Monday, May 21, 2007

This Week’s News: Youth in Transition

Education

Alternative Schools Linger in the Shadows
Minneapolis-St. Paul Star Tribune – May 12, 2007
Enrollment in state-approved, taxpayer-funded alternative education programs is surging, with nearly 150,000 Minnesota students enrolled – about 25,000 full time – at a cost of more than $217 million a year. But local, state and federal education officials are hard-pressed to say how they or their schools are performing. Absenteeism is rampant, with anywhere from one-fourth to half of students skipping school on a given day.

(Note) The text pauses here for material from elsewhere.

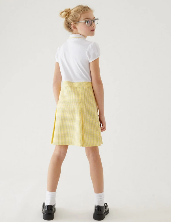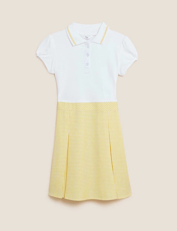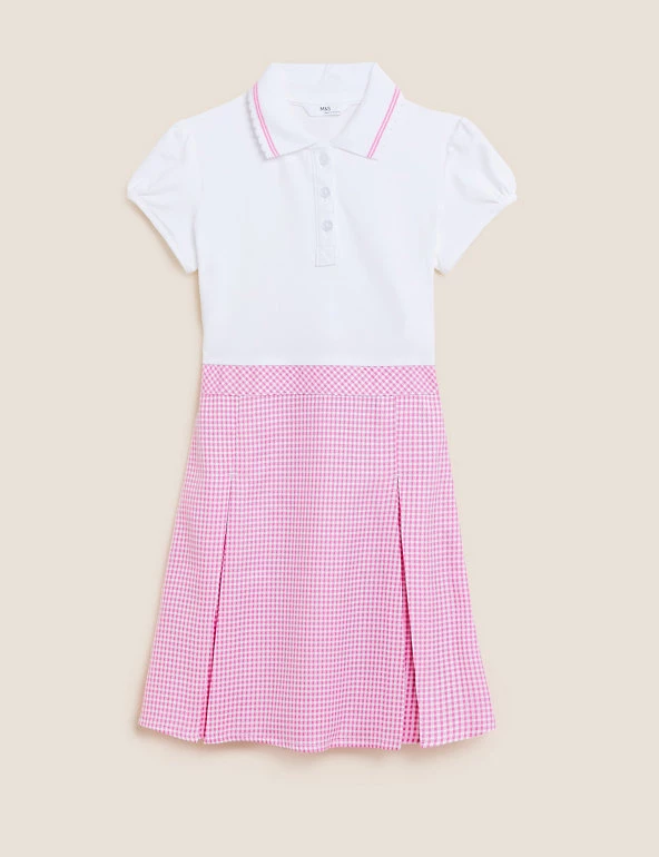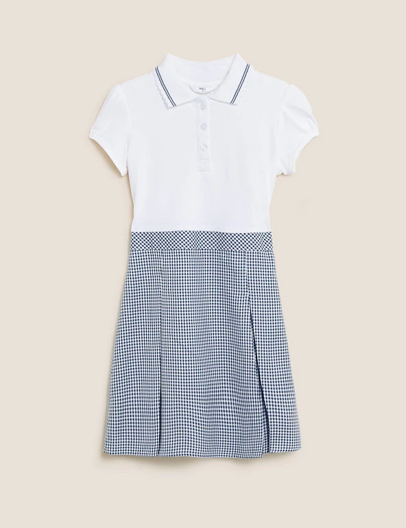 Look smart with this school dress that features a clever 2 in 1 design. Cut in a regular fit with a side zip closure. Polo shirt top half with coordinating gingham skirt. Our easy-to-iron finish means it just needs a quick press and it’s good to go.We only ever use responsibly sourced cotton for our clothes.

While few alternative students take standardized tests, scores for those who do are alarmingly low: Advocates can recite success stories about young people turning their lives around in alternative programs. And, because so many of their students have failed in traditional schools, alternative educators ask to be judged by different standards. But a state commissioner frets that school districts are pushing too many of their struggling students into alternatives.

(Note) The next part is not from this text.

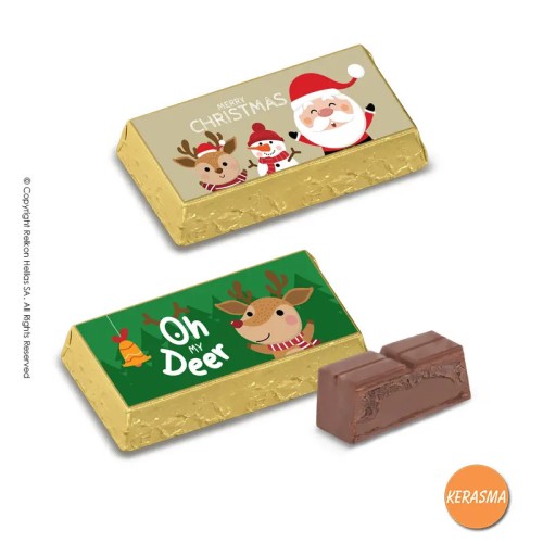 Σοκολατάκια γάλακτος με καταπληκτικό χριστουγεννιάτικο περιτύλιγμα. Βάρος 1 πλακιδίου 30γρ, δηλαδ..
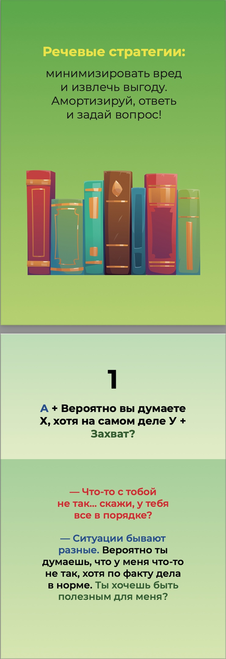 3 - ответ на манипуляцию на базе трех карточек: амортизация, речевая стратегия, захват;

Learning What’s Right with Schools
Santa-Barbara Independent – May 14, 2007
Although many Americans worry about public schools in general, they remain positive about their neighborhood schools. Such views are understandable given the general media fascination with negative stories and a continuing political emphasis on only what’s wrong with public schools. In sharp contrast to stories-as-usual, The Center on Education Policy and the American Youth Policy Forum publish a report on the good news associated with public education.

Juvenile Justice

Juvenile defendants may be too immature to stand trial, appeals panel says
Sacramento Bee – May 11, 2007
A California appellate court made it clear for the first time Thursday that some juvenile defendants may simply be too young to stand trial, including an 11-year-old defendant prosecuted for stealing candy bars. The Sacramento-based 3rd District Court of Appeal said that children can be so immature that they cannot understand their legal proceedings or assist in their own defense. In doing so, the justices overruled Sacramento juvenile court judges who had ruled that children must have either a mental disorder or a developmental disability to be deemed incompetent to stand trial. While some hailed the ruling for establishing a new legal standard of juvenile competency, Deputy Attorney General Angelo Edralin said it merely instructed juvenile judges to be more thorough
when considering incompetency claims.

Injuries of teen inmates probed
USA Today – May 17, 2007
Texas authorities are investigating whether guards at state juvenile detention facilities broke the bones of 60 young offenders as a result of abusive tactics. The newly disclosed review comes amid spreading concerns about the treatment of teenage inmates. The investigation is part of a criminal inquiry into the Texas Youth Commission, one of the nation's largest juvenile justice systems, with about 4,000 offenders. In the past seven years, juvenile facilities in 11 states have been the focus of federal reviews for possible civil rights violations, according to Justice Department records.

New ‘screening’ tool proposed for juvenile offenders
Baltimore Examiner – May 15, 2007
Every year, Baltimore County authorities identify 2,200 juveniles headed down the wrong path. About 500 end up becoming what police call “repeat serious offenders” who need to be behind bars for the public’s safety. But how can authorities know which of the kids who appear to be going in the wrong direction actually will become dangers to society? The Baltimore County Criminal Justice Coordinating Council is designing a new screening tool that it hopes will help determine that. With the help of the Maryland Department of Juvenile Services, the county is drafting an approximately 30-question form that officials say will identify the “highest-risk” juvenile offenders before it’s too late. Depending on the answers to these questions, the juvenile is then assigned a point total to assess how likely he or she is to become a repeat serious offender. The point of the new screening tool is an attempt to get good data on the county’s most troubled teens.

Foster Care

Group Challenges Evangelicals to Adopt Foster Kids
National Public Radio – May 13, 2007
The Colorado Springs-based Focus on the Family held a three-day summit this week to challenge evangelicals to adopt foster children. The federal government estimates that there are half a million kids in foster care in the United States. Some 115,000 are awaiting adoption. The pilot project in Colorado is meant to serve as a national model. On the last day of the summit, churches from Colorado's biggest cities are being brought in to be "challenged" to get their members to adopt.

Troubled children hardest to place
Los Angeles Times – May 17, 2007
Finding adoptive homes for teenage foster kids has always been a challenge. Most languish in foster care until they "age out" at 18, and many of those wind up unemployed, homeless or in jail. For foster children with criminal histories, the situation is even bleaker. Their crimes are typically disciplinary infractions or fighting, running away, vandalism or stealing, actions that might get a teenager with parents grounded but get a youth in foster care hauled off by police. They become wards of the Los Angeles County Probation Department and — with no parents pledging support or homes to return to — are often ordered into group homes or institutions, where they stay even after their terms are completed. Four years ago — prodded by changes in state law and technological advances that make searches easier — the Probation Department launched one of the first programs in the nation aimed at finding adoptive homes for foster children in the juvenile justice system.